Buderwitz saw the Broadway production of "Titanic" but did not see the much criticized and stripped-down touring version, which played the Ahmanson Theatre in 1999. Comparing his own work with the set he saw, "I'm trying to be truer to the real ship," he said. "Some of the Broadway design was very sparse. I don't think it reflected the importance of the class structure well enough. The show is about how the classes were treated differently."

Buderwitz contends, for example, that the real ship's bulkheads were too low to be safe, because the ship's designers "carved out bigger spaces for the first-class rooms. I want the design to reflect the fact that great amounts of money were spent on a small percentage of the passengers." So the first-class sections are more ornamented and opulent than in the Broadway version, he said.

Michael Michetti, who is directing the South Bay show, added that the Broadway production arrived before the movie was released. "But now, everyone who sees this will know what the Grand Salon is supposed to look like.

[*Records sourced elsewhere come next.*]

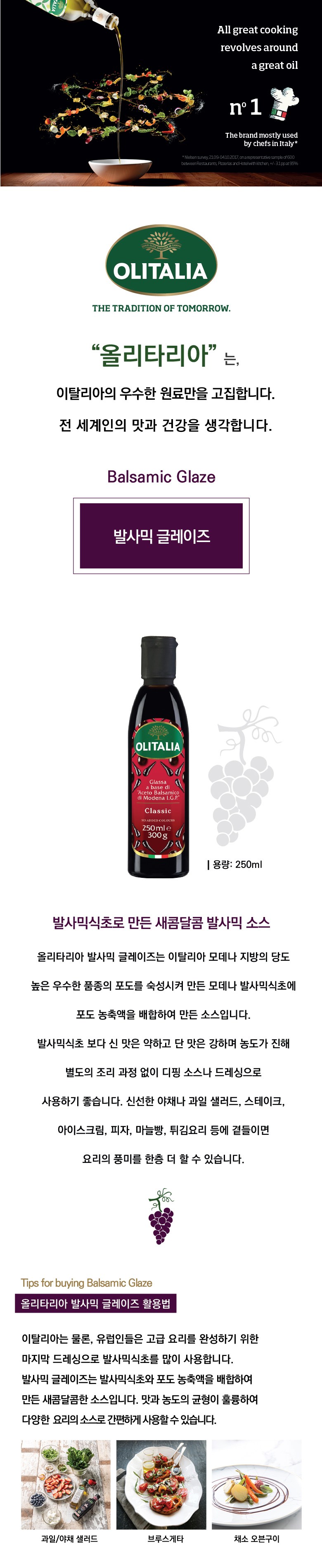 | 제품명 | 올리타리아 발사믹 글레이즈 크림 글라싸, 250ml, 1개 | 식품의 유형 | 소스(살균제품) |
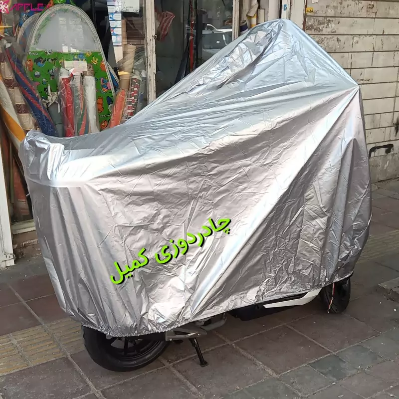 با درود و احترام ابعاد این چادر شمعی به اندازه ای دوخته شده که باکس عقب موتور و طلق بلند جلوی موتور را می پوشاند عقب و جلو کش دوخته شده و جای بستن از زیر موتور دارد دارای کاور جهت بسته بندی می باشد و بسیار سبک و کم حجم است
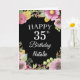 35.º Aniversário das Flores Florais de Aquarelas - Cartão Preto com nome e idade personalizados. Para mais personalização, clique no botão "Personalizar" e use nossa ferramenta de design para modificar este modelo.
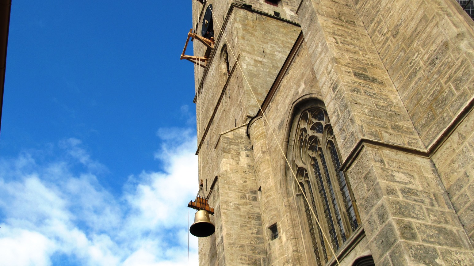 Kostel svatého Jakuba v Kutné Hoře má po tři čtvrtě století znovu svůj zvon. Do zvonice ho řemeslníci tahali za pomoci dřevěné konstrukce a vrátku, tedy středověkou metodou.
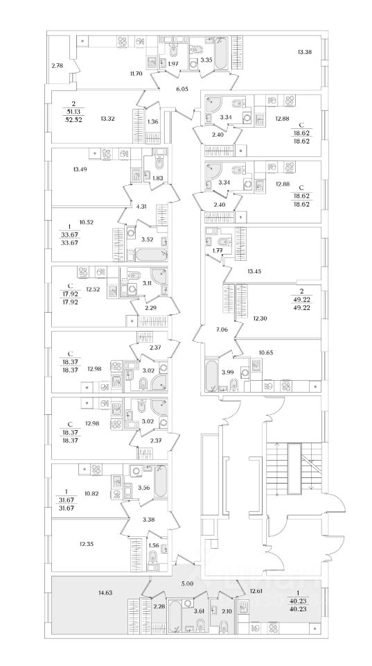 Квартира находится в 9 этажном доме, в Очередь 1, Корпус 2 на 2 этаже. Общая площадь квартиры 40,23 кв.м.
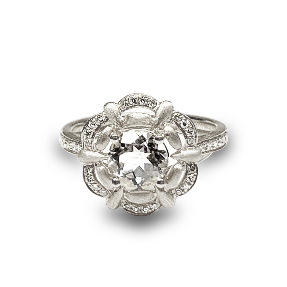 14k matt gold clover diamond white topaz engagement ring MR45176
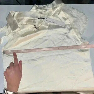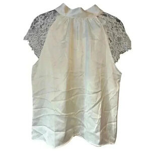NWT Nicole Miller Satin Shirt with Lace Detail Size M A56

There is an expectation that is different from when the Broadway production was created."

A major supporting player--the iceberg--was represented only by a miniature model on Broadway. "We thought it was important to bring the iceberg in," Buderwitz said. "So a painted version in black light rises and looks like it's approaching."

The opening and closing scenes are also designed differently here. In the opening scene, the audience not only watches passengers boarding the ship, but a small fraction of the side of the ship arrives on stage. In the final scene, a scrim is used to separate the survivors from the dead, unlike the earlier version in which they mingled--an effect that Buderwitz thought was "too stagy and gimmicky."

Nonetheless, though Buderwitz's set may be "more realistic and elaborate" than Broadway's, anyone who wants to see the actual ocean should go a few miles west.

"People ask me, 'How are you doing the water?' But this is not the Las Vegas version of the Titanic [in the casino show "Jubilee"], where they pump hundreds of gallons of water. This is suspension of disbelief."


Growing up in suburban Westchester County, N.Y., Buderwitz was a kid "who liked to build things--and destroy them," he said. "I liked to draw, but I didn't think of it as art. I still think of it as a craft, until all the elements come together on the stage and create magic--which doesn't happen in every show."

Buderwitz was lured to that kind of magic on frequent trips to New York to see matinees, as well as by watching a sister who acted in summer stock. He designed his first show, a student revival of "Very Good Eddie," when he was a senior in high school. It included scenes on a ship.